Carlos Diegues
Apesar de a Lei Aurea ter sido promulgada oficialmente há 130 anos, a sombra do escravismo renitente e maldito ainda se manifesta, até hoje, em nosso comportamento. Até 1861, a consciência culpada de nossos homens públicos usava a escravidão nos Estados Unidos, um país que já era exemplo moderno de progresso, como argumento a favor de nosso próprio escravismo.
Depois de Abraham Lincoln e da Guerra Civil entre os estados do Norte e do Sul dos Estados Unidos, isso se tornou impossível. Sobretudo porque, quando os afro-descendentes foram então libertados, o governo americano criou uma “compensação” legal, obrigando-se a dar, a cada liberto, alguns poucos acres de terra e uma mula, para permitir sua existência social a partir da nova condição de homem livre.
No Brasil, quem reivindicou compensação foram os senhores de escravos, protestando contra o governo imperial que os libertava, exigindo indenizações capazes de compensar o fim de sua mão de obra gratuita.
Numa democracia de verdade, se respeita acima de tudo a natureza dos direitos humanos, em suas duas versões. Ninguém é obrigado a fazer o que não quer, a ir onde não quer. Mas também ninguém tem o direito de me dizer o que posso ou não posso fazer. Se eu não estiver incomodando ninguém, vou aonde bem entender.
A pureza infantil, feita de ódio seletivo por instinto que não permite restrições, não serve para a vida democrática. Não serve nem para nenhum tipo de vida adulta. Mesmo que o instinto seja confundido com amor, não será desse jeito que se construirá uma civilização. Nossa grandeza deve estar na confiança de que podemos errar e de nossos erros inventar a compaixão, a solidariedade na trajetória do outro que não se confunde conosco.

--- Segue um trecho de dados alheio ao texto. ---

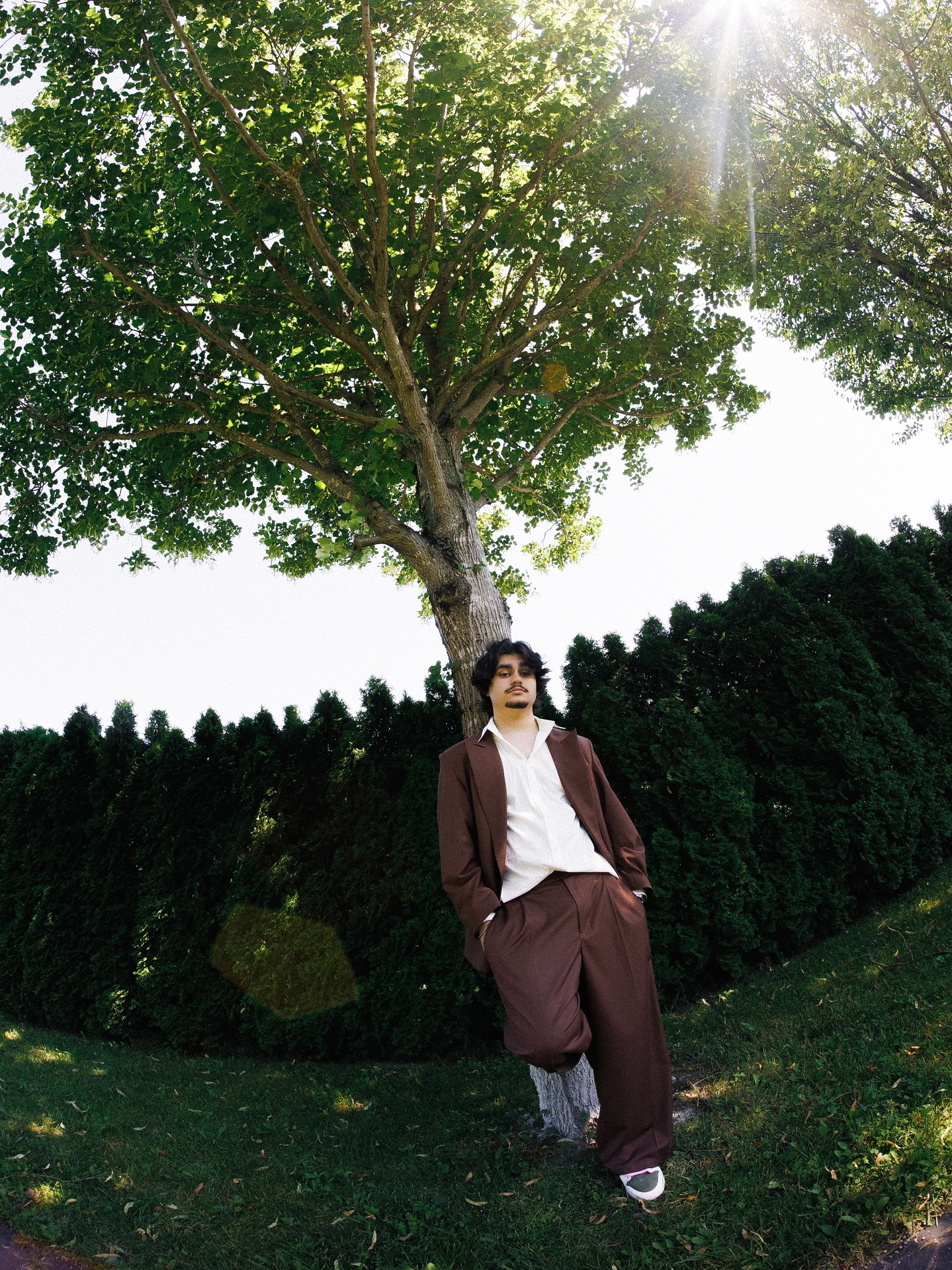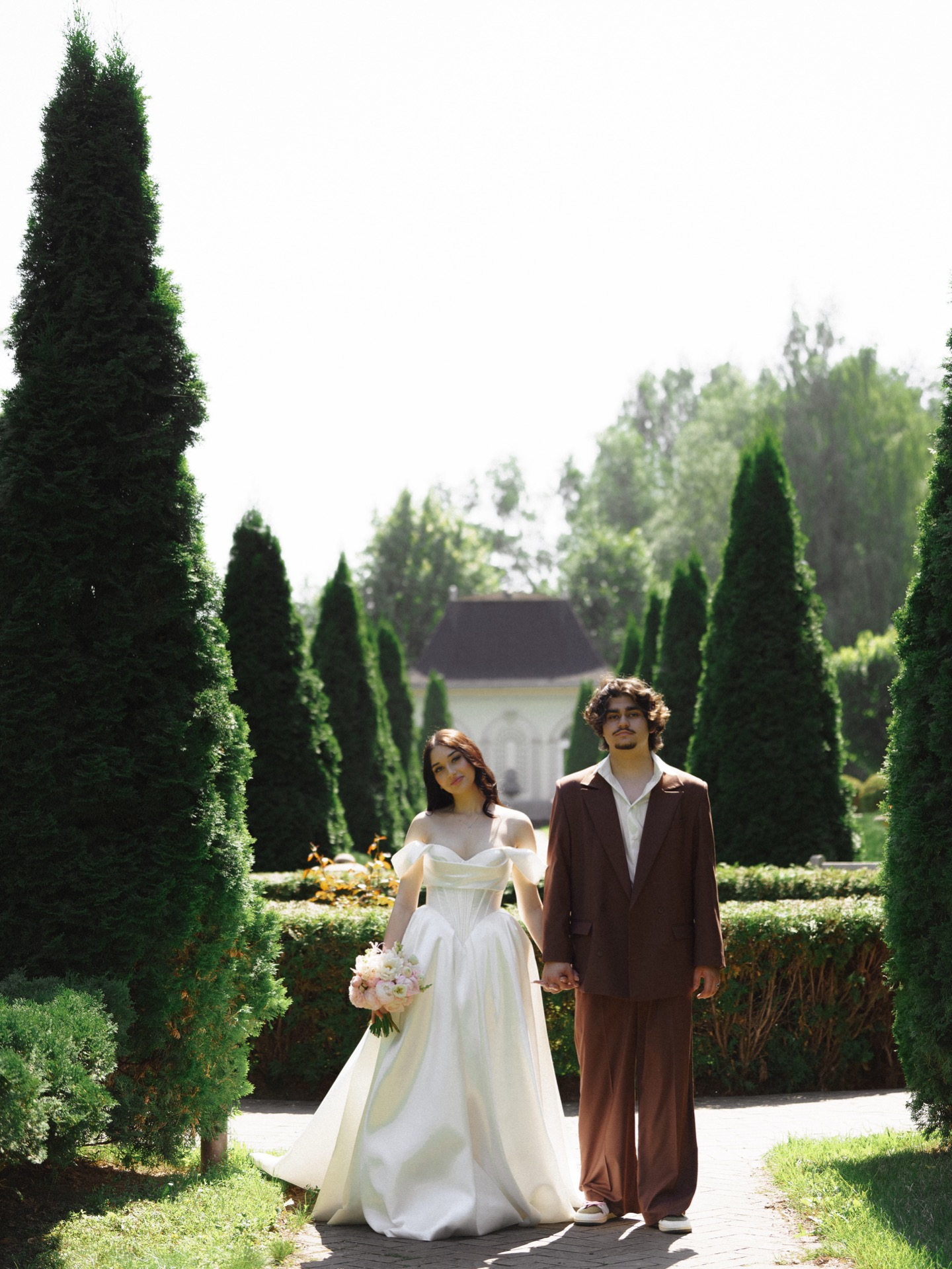 Даниил никогда не любил классику, поэтому в день нашей свадьбы решил не изменять своему стилю и выбрал коричневый костюм oversize. Образ для него сшил дизайнер Artem Midda — получился стильный наряд, который по-настоящему его отражал.
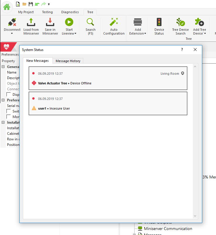 De systeemstatus is een kanaal waar de Miniserver berichten over de huidige status van het systeem kan bundelen. Dit kan eenvoudige en onkritische informatie zijn maar eveneens fouten die onmiddellijke actie vereisen. De individuele berichten bevatten informatie over de oorzaak en de aard van het evenement en bieden ook hulp bij het oplossen van het probleem. De individuele evenementen in het Smart Home worden op verschillende manieren actief aan de bewoners gemeld. Berichten waarvan de oorzaak al is verholpen, worden nog steeds opgeslagen in een berichtgeschiedenis.
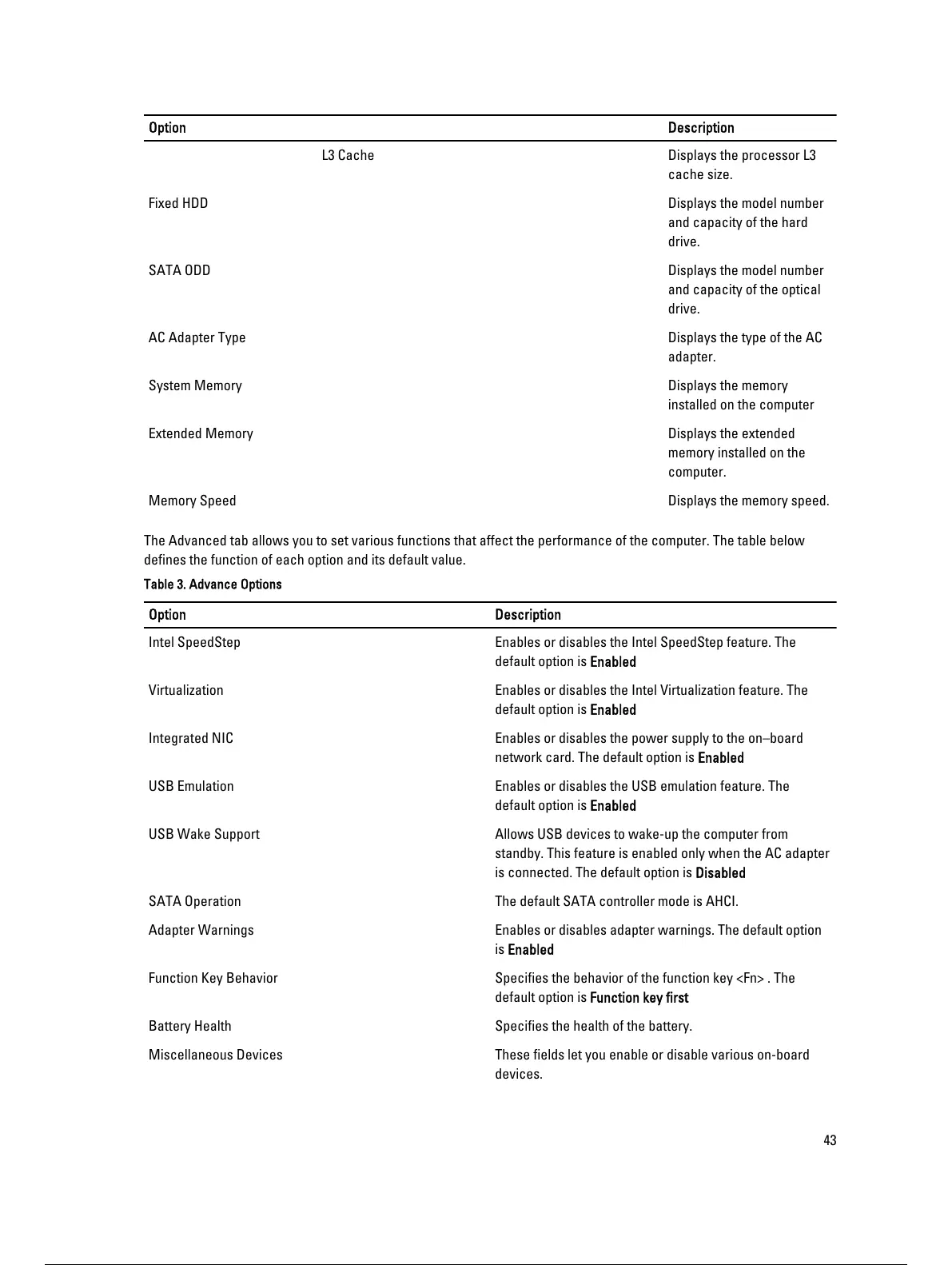The Advanced tab allows you to set various functions that affect the performance of the computer. The table below
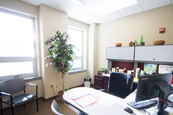 Centrally located inside the entrance to the East building, the offices house most of the campus Leadership Team.

Que embora seja o outro, deve ser tratado como nós mesmos.
Por ocasião do último Festival de Brasília, aquele em que o filme “Vazante” foi massacrado sob o pretexto de não dar voz aos escravos em cena, Inácio Araujo escreveu essa perfeição em sua coluna na Folha de São Paulo: “Nada mais parece importar nos debates, além de reivindicações especificas: de negros, mulheres, homossexuais, classe média, esquerdistas, etc. Sem julgar o valor ou a necessidade de sua luta, parece que o cinema ali só importa como veículo de propaganda. Voltamos aos anos 1930”.
Tudo o que está sendo aqui dito se aplica, de certo modo, ao episódio que acabamos de assistir no Rio de Janeiro, em pleno 2018. A atriz e cantora Fabiana Cozza, que trabalhara com Dona Ivone Lara e conhecia muito bem a família desse ícone de nossa cultura popular carioca, se candidatou para representá-la numa peça musical. Depois dos mais variados testes, Fabiana foi escolhida, pelos responsáveis pelo espetáculo, para fazer o papel de Dona Ivone Lara.
Ela nem chegou a comemorar. No mesmo dia em que sua escolha foi anunciada, começaram as manifestações de afro-descendentes, seus clubes e grêmios representativos, protestando contra a escolha de Fabiana, sob o pretexto de que ela não era suficientemente negra para representar o papel da sambista. Sendo Fabiana filha de um homem negro e de uma mãe branca, ela nascera mulata (palavra que esses mesmos “combatentes” pretendem extirpar de nossa lingua).
E assim, passamos a viver esse absurdo de existir uma atriz capaz de fazer o papel de Dona Ivone Lara melhor do que qualquer outra, mas não pode ser aceita por não ser retinta. Ou sei lá o que os neo-racistas pretendem nos dizer com esse veto. Sinto muito que Fabiana Cozza tenha aceitado o veto, abandonando o papel e a peça. Sei que não foi por gosto, pois ouvi seu depoimento na internet e ela chorava muito, compungida em sua frustração. Mas acontece que ela aceitou o veto e isso a torna colaboradora dessa má ideia. Ou dessa má ideologia. Pena.
Entre nós, está tão polarizada burramente a luta entre facções em torno dos mesmos temas, sejam grandes ou pequenos, que em futuro próximo talvez estejamos totalmente imobilizados, incapazes de ter coragem de escolher o que considerarmos a verdade, mesmo que ela não o seja.
Stan Lee, o criador do Homem Aranha, usa, nas histórias de seu herói, uma frase de Voltaire que admiro muito: “Grandes poderes trazem grandes responsabilidades”. Democracia e internet acabam por dar grandes poderes a todos nós. Precisamos aprender a usá-los.